Y	Hacker News new \| ask \| show \| jobs

by PaulHoule 965 days ago

It's a big question on my mind now. I am thinking about adding something to my YOShInOn RSS reader that picks up articles from, say, ScienceX, looks up original sources, automatically tests that if papers are open access and gives me the tools to quickly make a judgement call about what kind of link to share on what platform. In the immediate term this will be done after the system chooses articles to show me (about 5-10% of the articles it ingests) but someday it might be done before that.

There is the question of what my judgement is and the question of what your judgement is. The primary selection process (that shows me articles) is great right now, I am upvoting maybe 220 articles out of 300 in a cycle. I pick out links to post to HN and I am currently adding links to the queue faster than I am posting them which means I can definitely raise the quality of what I post but the definition of "quality" is where I get stuck. It has all sorts of factors such as a lack of annoyingness (I hate those cookie popups but there is a lot of good news behind them) but there are also articles that look really good to me at first (I like what they set out do) but then what I look at them again I realize they didn't accomplish what they set out do.

I do think votes and comments are worth something, but I also know that I could get more of both by posting clickbait articles. On one level I want to post things that are enlightening, boy I get frustrated that y'all just don't care about robotics or chemical recycling of polymers or Arduino projects. (Though my real secret ambition is to get a #1 post about sports...)

Somehow I want to pose the problem of posting to HN, Mastodon, etc. as a sequential recommendation problem which means I have to back and look at all the papers on the subject that YOShInOn has collected for me. Also I am likely to put some more work into "quality models", particularly a stacked model for predicting votes if not comments on HN articles, a broad topic model based on data from Tildes (is is sports? music? science?) and particularly sentiment models.
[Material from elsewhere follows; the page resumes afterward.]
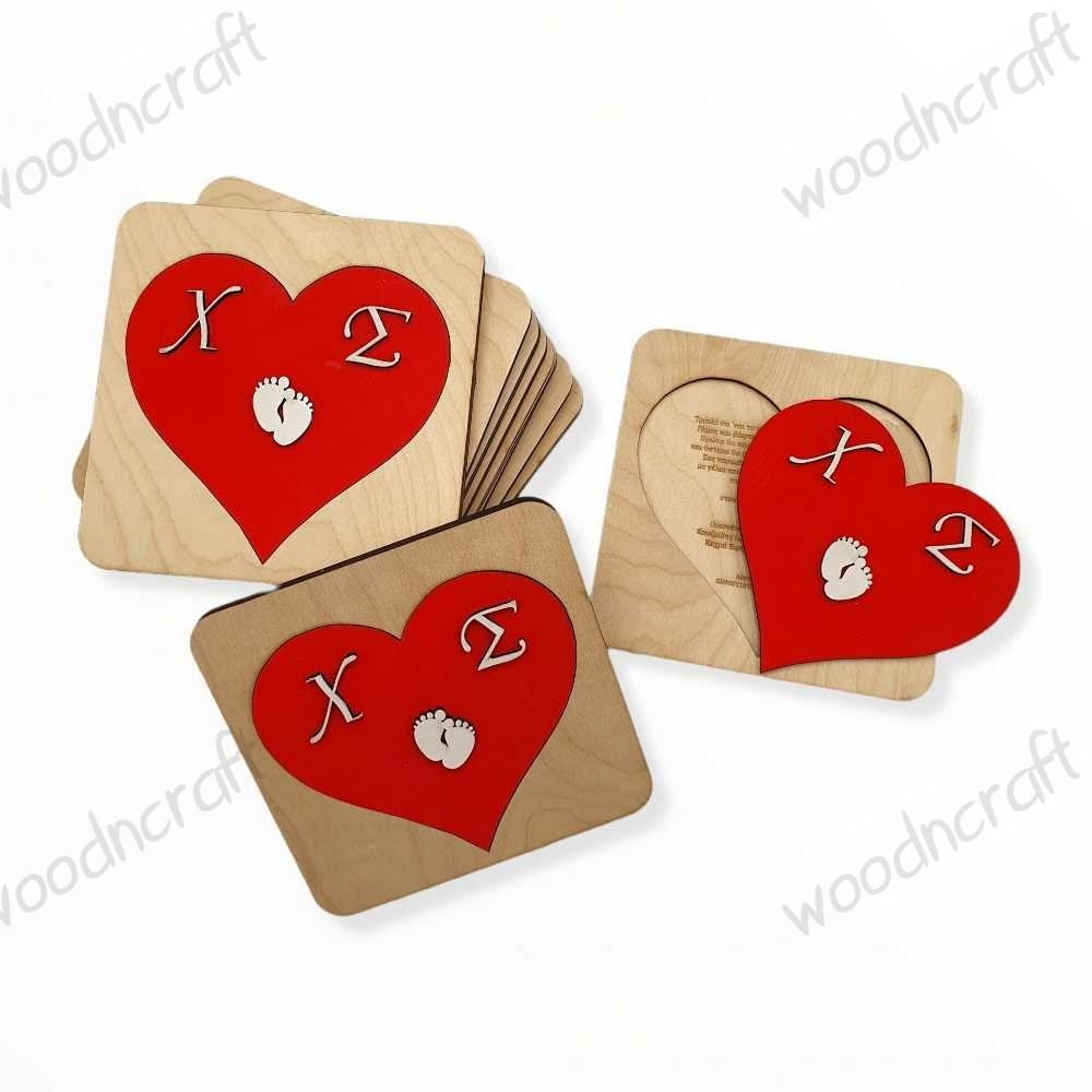 Πρωτότυπο ξύλινο προσκλητήριο βάπτισης, γάμου ή και τα δύο μαζί, σε σχέδιο παζλ καρδιά με τα μονογράμματα σας αν αφορά γάμο και πατουσάκια για το μωράκι. Αφαιρούμε την καρδούλα και ανακαλύπτουμε χαραγμένο το κειμενάκι πρόσκλησης μαζί με τα στοιχεία της βάπτισης - γάμου, βάζουμε την καρδιά στην θέση της και δημιουργούμε ένα όμορφο διακοσμητικό!

That last one is on my mind because I'm thinking about the emotional tone of what I post to Mastodon, some days I think I should just stick to posting flower photos because they get good engagement, but past the people who are calling everybody a "fascist" that get amplified there is a "silent majority" of people on Mastodon who try to avoid the news and other inflaming topics so I am torn between being unrelentingly positive or trying to balance out positive and negative articles to make a more appealing feed to the good people of Mastodon. It would probably be 2-3 days of labeling work to make a sentiment model but if I had to find and categorize 5000 angry toots it would kill me, but I am thinking now about grading my own posts (what the system is going to do inference on anyway) and also grading high-engagement and predicted high-engagement submissions to HN to make a model that finds high-engagement posts that aren't clickbait.